Psilocybin-assisted group therapy in patients with cancer diagnosed with a major depressive disorder
Agrawal, M., Ameli, R., Bates, M., Beaussant, Y., Honstein, H., Jenkins, B., Richards, B. D., Richards, W. A., Roddy, K., Schor, N., Shnayder, S., Stevens, N., Thambi, P.
This Phase II, open-label trial (n=30) assessed psilocybin-assisted therapy (25mg) for patients with cancer and depression (MDD) with individual and group therapeutic support. The study reported no serious adverse events and suggested efficacy with a significant reduction in depression severity by week 8. Notably, 80% of participants had a sustained response, and 50% achieved full remission of depressive symptoms at week 1, maintained for eight weeks. The study highlights the safety and feasibility of psilocybin-assisted therapy in a group cohort.
Abstract
Background Depression is common in patients with cancer and is associated with lower treatment adherence and reduced quality of life. Antidepressants and psychotherapy have limited success in improving depression among patients with cancer.

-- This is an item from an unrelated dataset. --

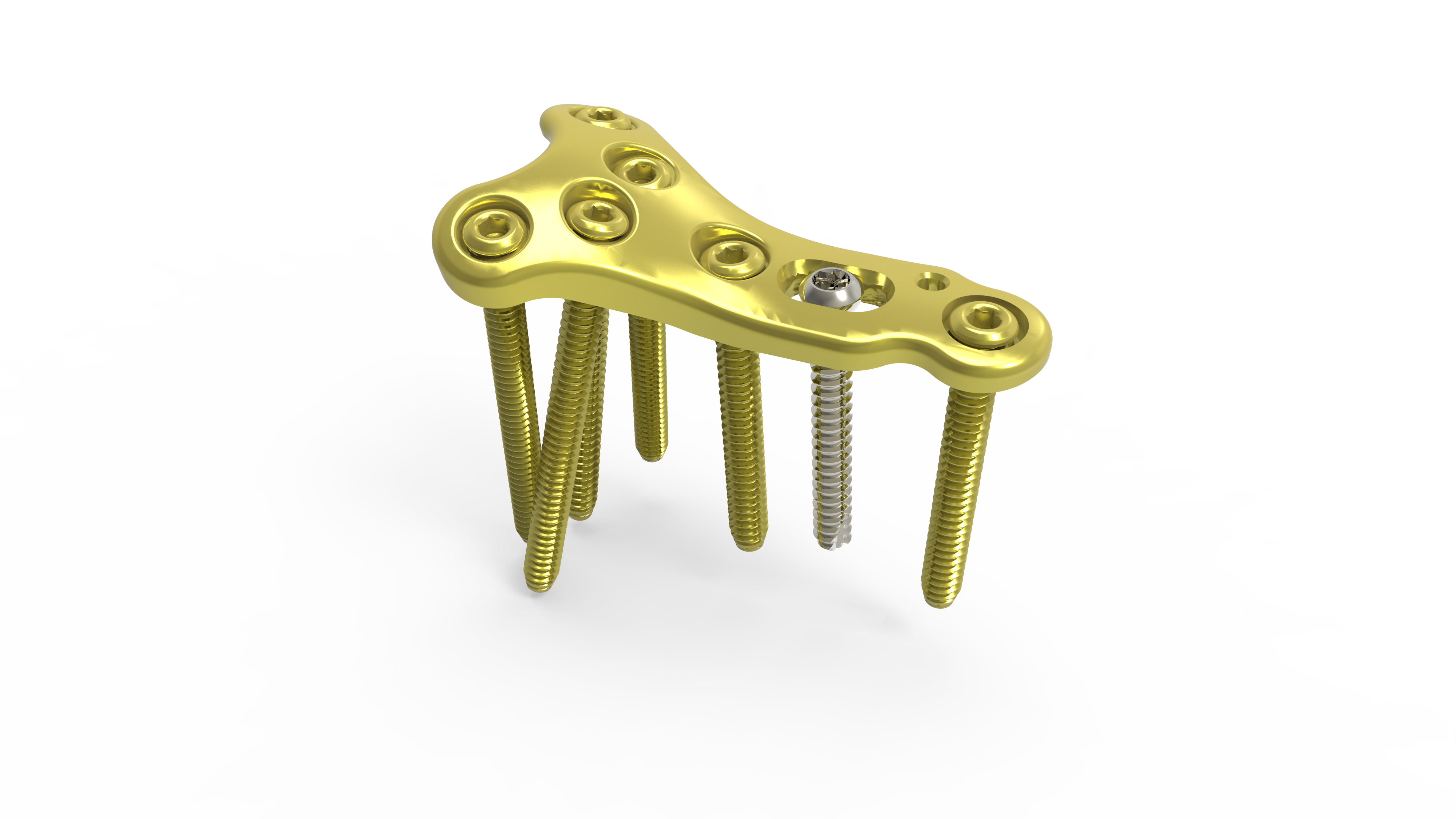 K-wire holes are included in the plate for provisional fixation distally, and specially designed plate tacks may be used for provisional fixation proximally. The benefit of the short length of the Plate Tack is that it is designed to not interfere with the drilling and placement of the proximal screws.

This study explored the safety, feasibility, and efficacy of psilocybin-assisted therapy in patients with cancer and major depressive disorder.Methods This phase 2, open-label trial enrolled patients with curable and noncurable cancer and major depressive disorder at a single community oncology practice site. A single 25-mg dose of psilocybin was administered simultaneously to cohorts of three to four participants with individual (4.25 hours in 1:1 therapist-to-patient ratio) and group therapeutic support (3.75 hours) before, during, and after psilocybin administration. Outcomes included depression severity, anxiety, pain, demoralization, and disability.Results Thirty participants completed the study. No psilocybin-related serious adverse events occurred; treatment-related adverse events (e.g., nausea, headache) were generally mild and expected. There were no laboratory or electrocardiogram abnormalities. No suicidality was reported. Efficacy was suggested with a robust reduction in depression severity scores from baseline to posttreatment of 19.1 points (95% CI, 22.3 to -16.0; p < .0001) by week 8. Eighty percent of participants demonstrated a sustained response to psilocybin treatment; 50% showed full remission of depressive symptoms at week 1, which was sustained for 8 weeks.Conclusions Psilocybin-assisted therapy in group cohort administration was safe and feasible in patients with cancer and depression. Efficacy was suggested based on clinically meaningful reductions in depressive symptoms. The novel, group-oriented format, compact delivery time, community cancer center setting, and one-to-one therapist-to-patient ratio could also add to therapeutic gains and efficiency of administration.